DCN was significantly downregulated in the malignant polyp group compared with healthy mucosa (4.1-fold, P=0.031; Fig. 1). FN1 and SPP1 also appeared downregulated in malignant polyps compared with healthy mucosa, however these changes were not significant. The other three genes exhibited a trend towards upregulation in malignant polyps, albeit not significant. Results are summarized in Fig. 1 and Table III.

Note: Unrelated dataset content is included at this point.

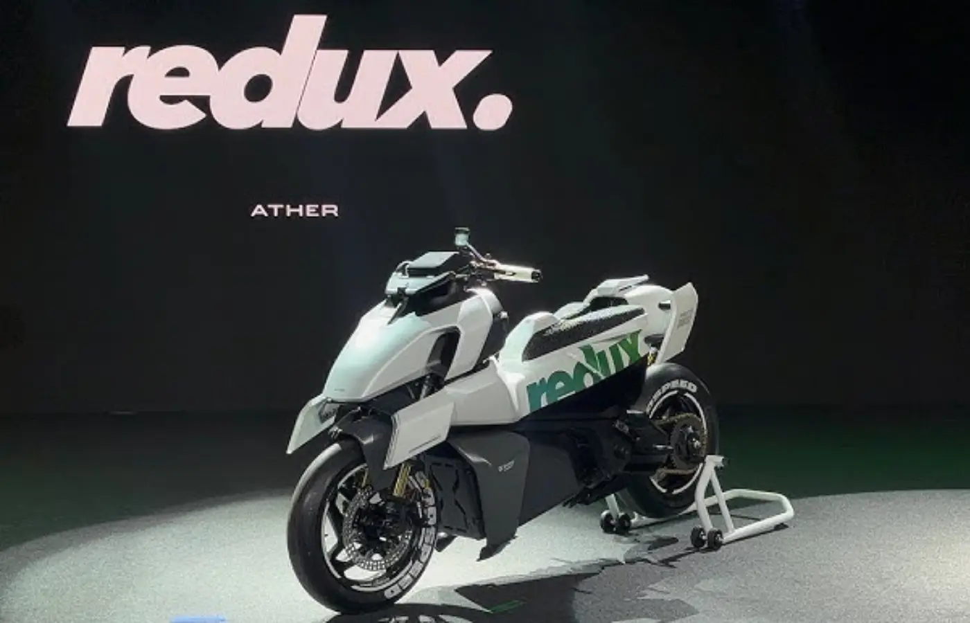 Apart from showcasing production models, Ather also revealed its latest Redux, which is an innovative concept by the company defined as a “Moto Scooter”. This radical concept is constructed on a lightweight aluminium frame featuring a 3D-printed lattish mesh seat and body panels designed from AmplyTex.

Expression of DCN, EPHA4, FN1, SPARC, SPON2 and SPP1 in CRC N+ and CRC N0 groups compared with healthy colon mucosa control

Expression of genes in CRC N0 compared with healthy colon mucosa exhibited a significant upregulation of the levels of SPARC (12.17-fold, P<0.001) and SPON2 (5.65-fold, P<0.001). DCN, EPHA4 and SPP1 expression levels were slightly upregulated and FN1 was downregulated, however these changes were not significant. Results are summarized in Fig. 1 and Table III.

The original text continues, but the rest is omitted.